- Task instructions
Produce an exact transcription of the data, with the images left out.

- Stored data
+===+

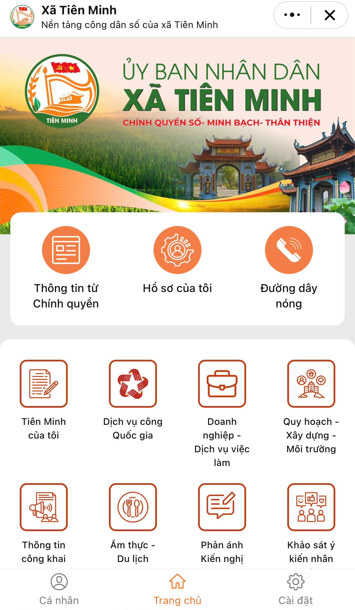 Đặc biệt địa phương triển khai và đưa vào vận hành ứng dụng Tiên Minh Smart và kênh Zalo OA ủy ban nhân dân xã Tiên Minh. Đây là bước đột phá quan trọng, mở ra kênh tương tác hiện đại, tiện ích, giúp chính quyền gần gũi, đồng hành cùng nhân dân một cách hiệu quả, nhanh chóng và thân thiện hơn.
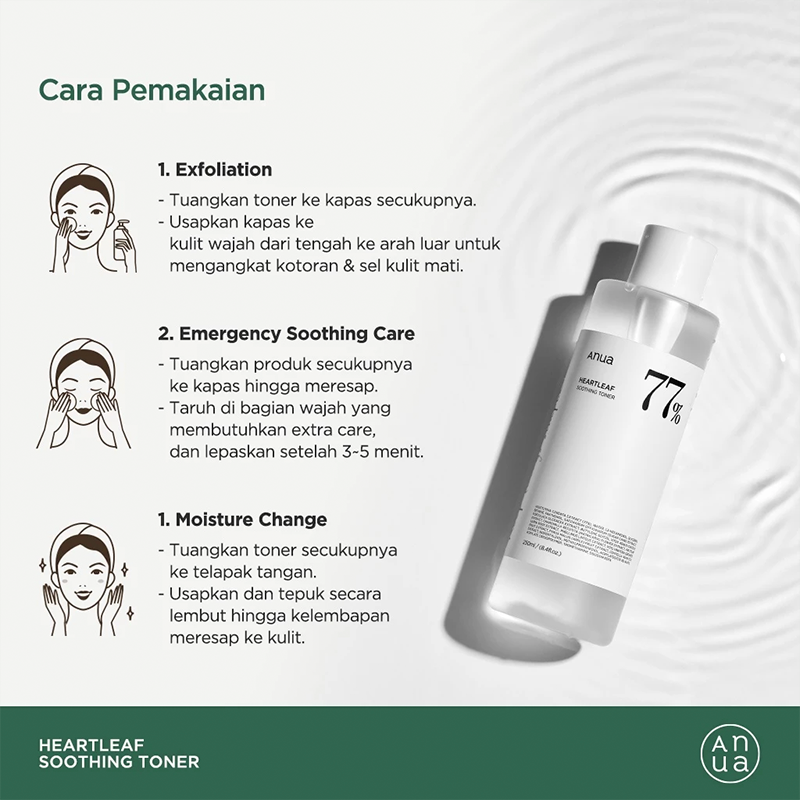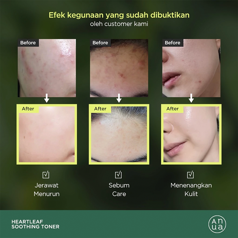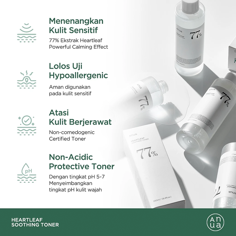 ✔️Kandungan 77% Ekstrak Heartleaf-nya membantu meningkatkan hidrasi pada kulit wajah yang sensitif sehingga tetap sehat terjaga, juga memberikan efek tenang pada kulit wajah. ✔️Lulus Non-comedogenic tes : tidak menyumbat pori-pori kulit sehingga aman untuk kulit berjerawat ✔️Hypoallergenic : Aman untuk kulit sensitif ✔️Mengandung kadar asam yang rendah sehingga membantu menjaga keseimbangan pH kulit, kulit jadi sehat dan terawat
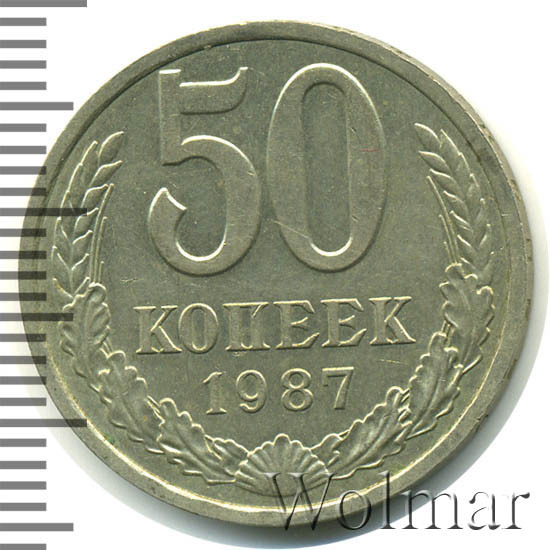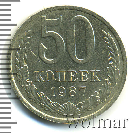 50 копеек 1987 г. - монета регулярного чекана СССР. Материал изготовления: немагнитный сплав нейзильбер (медно - никелевый), белого цвета. Тираж не известен. Соответствует типу 1961 – 1991 годов. Известных разновидностей нет (см. описание аверса и реверса). Соостность – медальная. Чеканка велась на Ленинградском и Московском монетных дворах, по двум технологиям: для обращения и, улучшенного, для годовых наборов Центрального Банка СССР. На ЛМД, к 70-ти летнему юбилею Великой Октябрьской Социалистической революции, была выпущена серия из трёх памятных монет, различного достоинства: один, три и пять рублей .
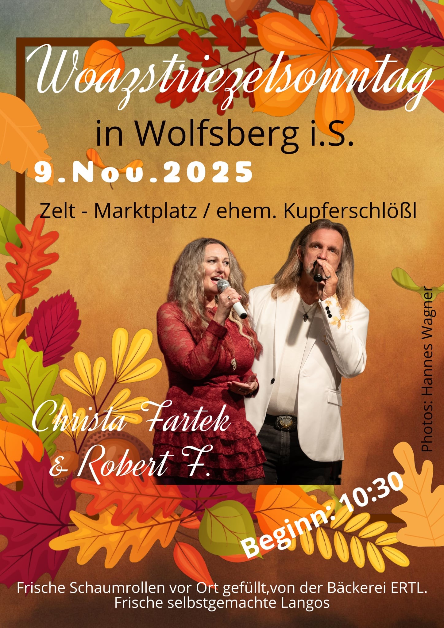november, 2025 2025 / Leider wegen Krank sein abgesagt! Woazstriezelsonntag in Wolfsberg i. Schwarzautal 09nov10:3014:002025 / Leider wegen Krank sein abgesagt! Woazstriezelsonntag in Wolfsberg i. SchwarzautalNähere INFOS folgen....10:30 - 14:00 Veranstaltung Details Veranstaltung Details Zeit(Sonntag) 10:30 - 14:00 CalendarGoogleCal

+===+

- Task output
 Đặc biệt địa phương triển khai và đưa vào vận hành ứng dụng Tiên Minh Smart và kênh Zalo OA ủy ban nhân dân xã Tiên Minh. Đây là bước đột phá quan trọng, mở ra kênh tương tác hiện đại, tiện ích, giúp chính quyền gần gũi, đồng hành cùng nhân dân một cách hiệu quả, nhanh chóng và thân thiện hơn.
 ✔️Kandungan 77% Ekstrak Heartleaf-nya membantu meningkatkan hidrasi pada kulit wajah yang sensitif sehingga tetap sehat terjaga, juga memberikan efek tenang pada kulit wajah. ✔️Lulus Non-comedogenic tes : tidak menyumbat pori-pori kulit sehingga aman untuk kulit berjerawat ✔️Hypoallergenic : Aman untuk kulit sensitif ✔️Mengandung kadar asam yang rendah sehingga membantu menjaga keseimbangan pH kulit, kulit jadi sehat dan terawat
 50 копеек 1987 г. - монета регулярного чекана СССР. Материал изготовления: немагнитный сплав нейзильбер (медно - никелевый), белого цвета. Тираж не известен. Соответствует типу 1961 – 1991 годов. Известных разновидностей нет (см. описание аверса и реверса). Соостность – медальная. Чеканка велась на Ленинградском и Московском монетных дворах, по двум технологиям: для обращения и, улучшенного, для годовых наборов Центрального Банка СССР. На ЛМД, к 70-ти летнему юбилею Великой Октябрьской Социалистической революции, была выпущена серия из трёх памятных монет, различного достоинства: один, три и пять рублей .
november, 2025 2025 / Leider wegen Krank sein abgesagt! Woazstriezelsonntag in Wolfsberg i. Schwarzautal 09nov10:3014:002025 / Leider wegen Krank sein abgesagt! Woazstriezelsonntag in Wolfsberg i. SchwarzautalNähere INFOS folgen....10:30 - 14:00 Veranstaltung Details Veranstaltung Details Zeit(Sonntag) 10:30 - 14:00 CalendarGoogleCal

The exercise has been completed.